Help with writing out neural network inference test code

For this SqueezeNet Pruning python code , What do ‘batch’ and ‘label’ do ? I have printed them out, but I cannot figure it out

Hi, @promach if you need any help with inference code, you can check the example of my code @

batch and label are two variables that has been used to extrapolate data from the test_loaders
Labels has the class_name and batch probably has the images

How do I modify this line to use my own pruned model instead those defined in the torchvision library ?
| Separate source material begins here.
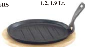
CAST IRON STEAK PLATTERS W/WOOD UNDERLINER
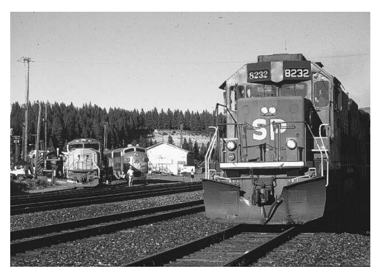
Helpers on the "Hill" are still needed as evidenced here with a set of ex SP locomotives departing the yard westbound after assisting an eastbound manifest up the grade. Activity was all around as we prepared our equipment for display.

To preserve and interpret the history of the WP, the "Willing People" as a vital link in the development of the rail industry on the West Coast, including the steam and diesel evolution, WP's influence in the passenger tourism industry, the impact of freight competition between neighboring railroads. WP's influence in the lumber, mining and agriculture industry from Plumas County throughout California, Nevada and Utah

Say suppose you have a class where your architecture is defined like:

change

model = resnet18(pretrained=True, num_classes=10)

to

model = Your_Net(num_classes=10)

In your code I guess

model = ModifiedSqueezeNetModel(num_classes = .... )
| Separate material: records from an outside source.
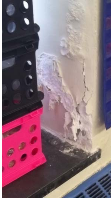
Photo 27 – Room 206 Moisture damaged paint and plaster was observed around 2 windows.
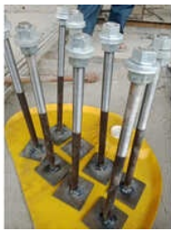
Bearing Plated Foundation Bolt
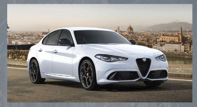
217/240 Alfa White Standard

Hmm… I am not sure what else I should put in place of

model = ModifiedSqueezeNetModel(num_classes = int(args.num_classes))
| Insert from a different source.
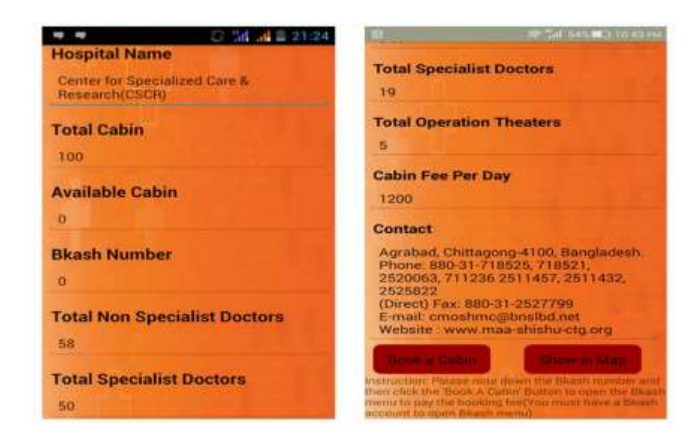
Fig -2: App displaying details for cabin

This application is produced in android OS. The first page offers clients a rundown of highlights. It has sections for administration, hospital information, cabin booking in hospital, section for appointment making with doctor, section for emergency health care, section for aid and medication information, BMI index calculation section, medicine reminder section and hospital suggestion section. The admin section provides an easy way to create and update the hospital and cabin booking information. An administrator will be given a password to login to admin section. After successful login, admin can update hospital information such as list of specialist doctors, number of cabin, amount of charge for service, facilities provided by a hospital, information about Operation etc. Furthermore, an admin can see who booked cabin with payment information. Admin will use the payment information to verify the identity of the one who booked cabin. Demonstrated in fig 2.

[phung@archlinux SqueezeNet-Pruning]$ python predict.py --image “3_100.jpg” --model “model_prunned” --num_class “2”
Traceback (most recent call last):
File “predict.py”, line 23, in
checkpoint = torch.load(path_to_model)
File “/usr/lib/python3.7/site-packages/torch/serialization.py”, line 358, in load
return _load(f, map_location, pickle_module)
File “/usr/lib/python3.7/site-packages/torch/serialization.py”, line 529, in _load
result = unpickler.load()
AttributeError: Can’t get attribute ‘ModifiedSqueezeNetModel’ on <module ‘main’ from ‘predict.py’>
[phung@archlinux SqueezeNet-Pruning]$

#Modified from https://github.com/amrit-das/Custom-Model-Training-PyTorch/blob/master/predict.py
import torch
import torch.nn as nn
#from torchvision.models import resnet18
from torchvision.transforms import transforms
import matplotlib.pyplot as plt
import numpy as np
from torch.autograd import Variable
import torch.functional as F
from PIL import Image
import os
import sys
import argparse
from prune import *

parser = argparse.ArgumentParser(description = 'To Predict from a trained model')
parser.add_argument('-i','--image', dest = 'image_name', required = True, help='Path to the image file')
parser.add_argument('-m','--model', dest = 'model_name', required = True, help='Path to the model')
parser.add_argument('-n','--num_class',dest = 'num_classes', required = True, help='Number of training classes')
args = parser.parse_args()

path_to_model = "./"+args.model_name
checkpoint = torch.load(path_to_model)

model = ModifiedSqueezeNetModel(num_classes = int(args.num_classes))
#model = resnet18(num_classes = int(args.num_classes))
model.load_state_dict(checkpoint)
model.eval()

def predict_image(image_path):
    print("prediciton in progress")
    image = Image.open(image_path)
    transformation = transforms.Compose([
        transforms.RandomResizedCrop(224),
        transforms.RandomHorizontalFlip(),
        transforms.ToTensor(),
        transforms.Normalize([0.485, 0.456, 0.406], [0.229, 0.224, 0.225])
        ])
    image_tensor = transformation(image).float()
    image_tensor = image_tensor.unsqueeze_(0)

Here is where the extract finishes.